Artikel 11. Hardheidsclausule en onvoorziene omstandigheden
Dit artikel geeft ruimte aan het dagelijks bestuur om in bijzondere (lid 1) en onvoorziene (lid 2) gevallen af te wijken van de regels zoals neergelegd in deze beleidsregels. Bij
de toepassing van de hardheidsclausule moet een afweging worden gemaakt tussen de beleidsregels en de gevolgen van het handhaven van de beleidsregels in het individuele geval. Hierbij wordt uitdrukkelijk gekeken of het gedrag verwijtbaar is geweest. Bij het ontbreken van verwijtbaarheid zal de hardheidsclausule eerder worden toegepast dan in situaties waarbij het gedrag volledig verwijtbaar is.
Het gebruik maken van de hardheidsclausule moet beschouwd worden als een uitzondering en niet als regel. Er moet in verband met precedentwerking dan ook duidelijk worden aangegeven waarom in een bepaalde situatie van de beleidsregels wordt afgeweken.

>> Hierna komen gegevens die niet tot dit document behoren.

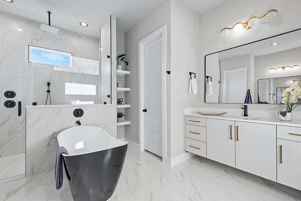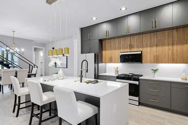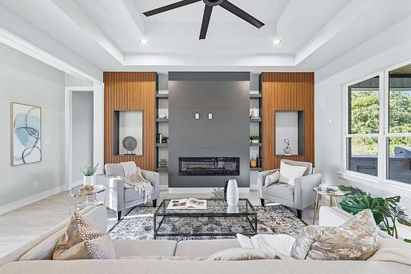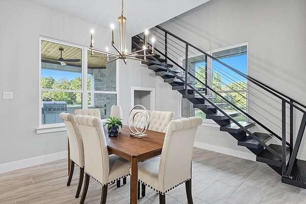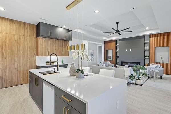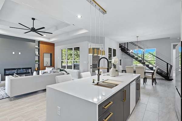 This stunning home offers 5 spacious bedrooms, a dedicated office, and an upstairs game room. The open floor plan features a living area with fireplace, seamlessly connected to a chef's kitchen with custom ceiling-height cabinetry, premium appliances, and a dining space filled with natural light.

Artikel 12. Intrekken oude beleidsregels
In dit artikel wordt aangegeven dat oude beleidsregels schuldhulpverlening vervallen. Gebleken is dat de op 15 december 2012 vastgestelde beleidsregels, gelet op de in
het beleidsplan integrale schuldhulpverlening Walcheren 2016-2020, in de praktijk niet mee voldoen.
Reden waarom nieuwe beleidsregels zijn opgesteld.